— SOURCE MATERIAL —
BEGIN

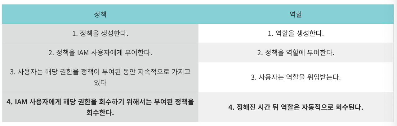 역할을 사용하게 되면 정책을 부여하는 방식과 권한을 따로 회수하지 않아도 되는 장점이 있다. 예를 들어 s3 버킷에 파일 하나를 업로드하려 할 때 s3 버킷 쓰기 역할을 위임받은 후 필요한 작업을 완료하면 된다. 1시간이 지난 후 자동으로 역할에서 해제된다.
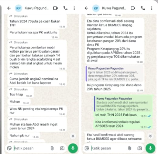 “Awak media pun mendatangi langsung ke kantor Desa Pagundan Kecamatan Lebak wangi namun kepala Desa dan Sekretaris Desa tidak ada di tempat sehingga awak media menghubungi via chating whattapp kepada Kepala Desa untuk mengkonfirmasi penggunaan Dana Desa 20% untuk ketahanan pangan dan kepala Desa tidak bisa menjawab serta melemparkan hak jawab konfirmasi ke Sekretaris Desa.
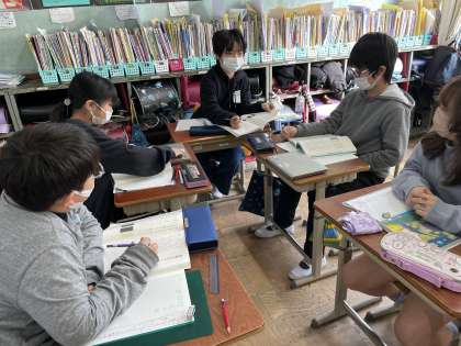 「いや,ここにかいてあるから」や「次にって書いてあるから」など活発な意見交流がされていました。
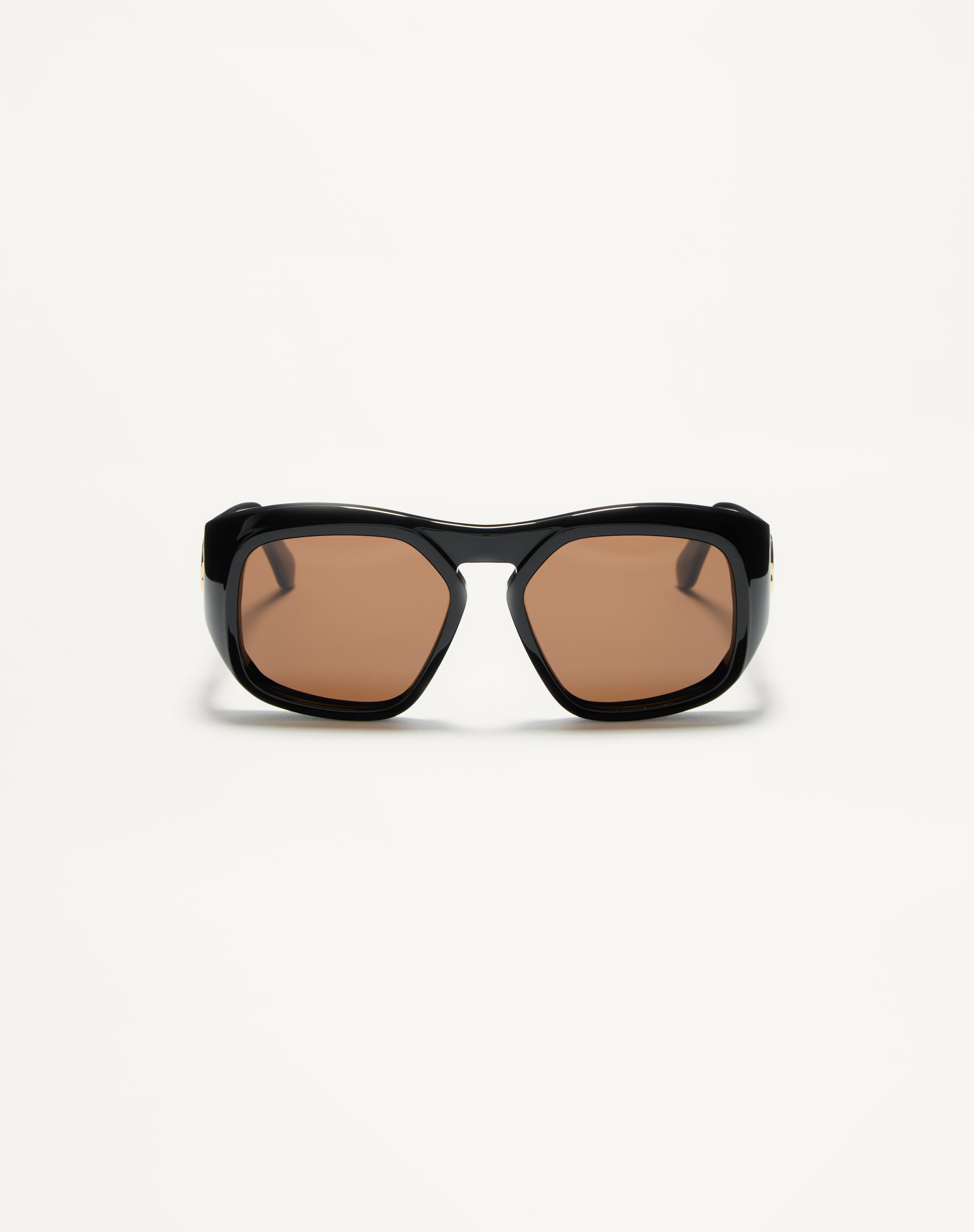 A retro-chic rectangular shape with a strong attitude and squared-front geometric piece. Sculpted of thick acetate with elegant milling throughout the front, as well as the interior, for added 3D richness, dimensionality and balance, this showpiece also features a high bridge for strength of character and the iconic VLogo mechanically screwed onto the temples for maximum visibility and impact. FEATURES - Lens Base: 4 Lens Category: 3 Lens Material: CR-39 - UV Transmittance: 0% Visibility Transmittance: 12.09% - Prescription friendly - Paper box: black matte paper box in recycled / FSC paper with black paper envelope inserts to include product accessories, recycled microfibre lens cloth and pouch. - Leather case: black case and strap in shiny recycled leather with black metal VLogo - Unisex Sunglass - Handcrafted in Italy MEASUREMENTS - Temples lenght: 14.5 cm / 5.7 in - Frame total width: 15 cm / 5.9 in - Lens Width: 5.5 cm / 2.1 in - Lens Height: 4.6 cm / 1.8 in - Bridge: 1.7 cm / 0.6 in Product code: Z530VLS179A_7UY

END

— PROBLEM TO SOLVE —
Set the data above down again exactly as given, with no pictures.

— SOLVED EXERCISE —
 역할을 사용하게 되면 정책을 부여하는 방식과 권한을 따로 회수하지 않아도 되는 장점이 있다. 예를 들어 s3 버킷에 파일 하나를 업로드하려 할 때 s3 버킷 쓰기 역할을 위임받은 후 필요한 작업을 완료하면 된다. 1시간이 지난 후 자동으로 역할에서 해제된다.
 “Awak media pun mendatangi langsung ke kantor Desa Pagundan Kecamatan Lebak wangi namun kepala Desa dan Sekretaris Desa tidak ada di tempat sehingga awak media menghubungi via chating whattapp kepada Kepala Desa untuk mengkonfirmasi penggunaan Dana Desa 20% untuk ketahanan pangan dan kepala Desa tidak bisa menjawab serta melemparkan hak jawab konfirmasi ke Sekretaris Desa.
 「いや,ここにかいてあるから」や「次にって書いてあるから」など活発な意見交流がされていました。
 A retro-chic rectangular shape with a strong attitude and squared-front geometric piece. Sculpted of thick acetate with elegant milling throughout the front, as well as the interior, for added 3D richness, dimensionality and balance, this showpiece also features a high bridge for strength of character and the iconic VLogo mechanically screwed onto the temples for maximum visibility and impact. FEATURES - Lens Base: 4 Lens Category: 3 Lens Material: CR-39 - UV Transmittance: 0% Visibility Transmittance: 12.09% - Prescription friendly - Paper box: black matte paper box in recycled / FSC paper with black paper envelope inserts to include product accessories, recycled microfibre lens cloth and pouch. - Leather case: black case and strap in shiny recycled leather with black metal VLogo - Unisex Sunglass - Handcrafted in Italy MEASUREMENTS - Temples lenght: 14.5 cm / 5.7 in - Frame total width: 15 cm / 5.9 in - Lens Width: 5.5 cm / 2.1 in - Lens Height: 4.6 cm / 1.8 in - Bridge: 1.7 cm / 0.6 in Product code: Z530VLS179A_7UY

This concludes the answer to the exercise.